# Sentiment Analysis on Text Data

This notebook performs sentiment analysis using classical machine learning models and compares their performance.

## 1. Import Libraries

In [None]:

import pandas as pd
import numpy as np
import re

from sklearn.model_selection import train_test_split
from sklearn.feature_extraction.text import TfidfVectorizer
from sklearn.linear_model import LogisticRegression
from sklearn.naive_bayes import MultinomialNB
from sklearn.metrics import accuracy_score, confusion_matrix, classification_report


## 2. Load Dataset

In [None]:

df = pd.read_csv("data/sample_reviews.csv")
df.head()


## 3. Text Preprocessing

In [None]:

def clean_text(text):
    text = text.lower()
    text = re.sub(r'[^a-zA-Z\s]', '', text)
    return text

df['clean_review'] = df['review'].apply(clean_text)
df.head()


## 4. Train-Test Split

In [None]:

X = df['clean_review']
y = df['sentiment']

vectorizer = TfidfVectorizer(stop_words='english')
X_vectorized = vectorizer.fit_transform(X)

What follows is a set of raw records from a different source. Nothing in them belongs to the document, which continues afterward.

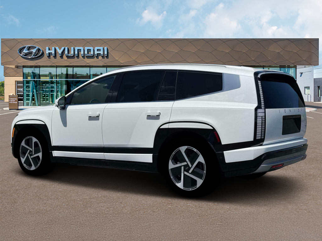 This IONIQ 9 is well equipped with Tons of Options!, 14 Speakers, 18" Alloy wheels, 3rd row seats: split-bench, 4-Wheel Disc Brakes, ABS brakes, Air Conditioning, AM/FM radio: SiriusXM, Apple CarPlay & Android Auto, Auto High-beam Headlights, Auto-dimming Rear-View mirror, Auto-leveling suspension, Automatic temperature control, Bodyside moldings, Brake assist, Cargo Tray, Carpeted Floor Mats, Color Match Body Molding, Delay-off headlights, Driver door bin, Driver vanity mirror, Dual front impact airbags, Dual front side impact airbags, Electronic Stability Control, Emergency communication system: Bluelink+, First Aid Kit, Four wheel independent suspension, Front anti-roll bar, Front Bucket Seats, Front Center Armrest, Front dual zone A/C, Front reading lights, Fully automatic headlights, Garage door transmitter: HomeLink, Heated & Ventilated Front Bucket Seats, Heated door mirrors, Heated front seats, Heated rear seats, Heated steering wheel, Illuminated entry, Leather steering wheel, Low tire pressure warning, Memory seat, Navigation System, Occupant sensing airbag, Outside temperature display, Overhead airbag, Overhead console, Panic alarm, Passenger door bin, Passenger vanity mirror, Power door mirrors, Power driver seat, Power Liftgate, Power moonroof: Panoramic, Power passenger seat, Power steering, Power windows, Radio: AM/FM/SiriusXM/HD Audio System, Rain sensing wipers, Rear air conditioning, Rear anti-roll bar, Rear reading lights, Rear side impact airbag, Rear window defroster, Rear window wiper, Reclining 3rd row seat, Remote keyless entry, Roadside Assistance Kit, Security system, Speed control, Split folding rear seat, Spoiler, Steering wheel memory, Steering wheel mounted audio controls, Telescoping steering wheel, Tilt steering wheel, Traction control, Trip computer, Turn signal indicator mirrors, Two-Tone H-Tex Leatherette Seating Surfaces, Variably intermittent wipers, Ventilated front seats, Ventilated rear seats, and Wheels: 21" x 9J 5-Spoke Alloy.
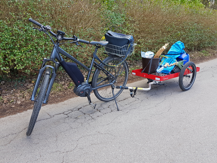 Das erste Foto zeigt meine Schwester mit ihren modernen E-Lastenfahrrad, der Hauptgewin (E-Bike) dient bei mir als Zugmaschine und auf den unteren drei Bildern sind meine rein mechanischen Lastenfahrräder zu sehen.
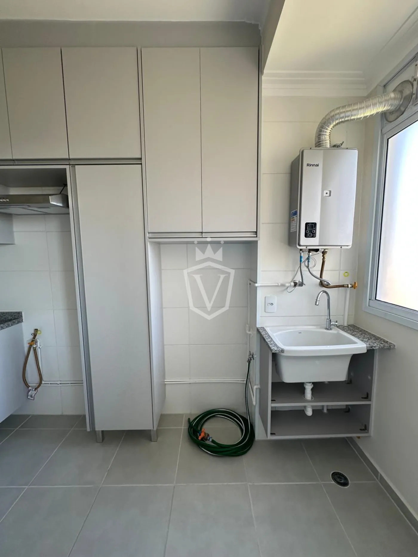 - Lavanderia com armário e aquecedor a gás instalado
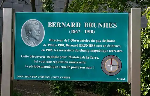 - ↑ Bernard Brunhes, « Sur la direction de l’aimantation permanente dans une argile de Pontfarein », Comptes rendus de l’Académie des sciences, vol. 141, , p. 567-568.
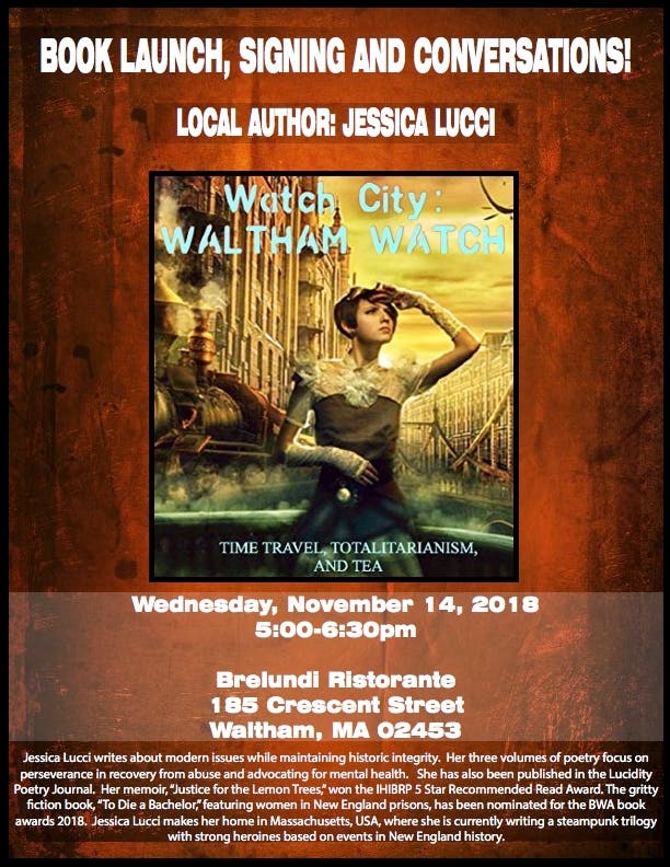 11/14 You are invited to an author signing at Brelundi's at the watch factory! I will be signing copies of my brand new Waltham-based novel, "Watch City: Waltham Watch." Come enjoy some lovingly made appetizers with me and chit-chat about Waltham's steampunk history! From 5-6:30, a perfect way to wind down mid-week!
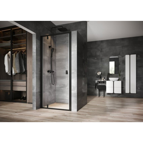 Zuhanyajtó tálca nélkül fekete színben, a felület átlátszó üvegből készült dekor nélküli. A RAVAK AntiCalc® technológiának köszönhetően az üveg víztaszító tulajdonságokkal rendelkezik, ami azt jelenti, hogy az üveg felülete víztaszítóvá válik. Elforgatható nyitórendszer. Bal és jobb oldali tájolás is.

X_train, X_test, y_train, y_test = train_test_split(
    X_vectorized, y, test_size=0.2, random_state=42
)


## 5. Model 1: Logistic Regression

In [None]:

lr_model = LogisticRegression(max_iter=1000)
lr_model.fit(X_train, y_train)

lr_predictions = lr_model.predict(X_test)
lr_accuracy = accuracy_score(y_test, lr_predictions)

print("Logistic Regression Accuracy:", lr_accuracy)


## 6. Model 2: Multinomial Naive Bayes

In [None]:

nb_model = MultinomialNB()
nb_model.fit(X_train, y_train)

nb_predictions = nb_model.predict(X_test)
nb_accuracy = accuracy_score(y_test, nb_predictions)

print("Naive Bayes Accuracy:", nb_accuracy)


## 7. Model Evaluation

In [None]:

print("Logistic Regression Confusion Matrix")
print(confusion_matrix(y_test, lr_predictions))

print("\nNaive Bayes Confusion Matrix")
print(confusion_matrix(y_test, nb_predictions))

print("\nClassification Report (Logistic Regression)")
print(classification_report(y_test, lr_predictions))


## 8. Model Comparison

In [None]:

results = pd.DataFrame({
    'Model': ['Logistic Regression', 'Naive Bayes'],
    'Accuracy': [lr_accuracy, nb_accuracy]
})
results


## 9. Conclusion

This project demonstrates an end-to-end ML workflow and comparison of classical models.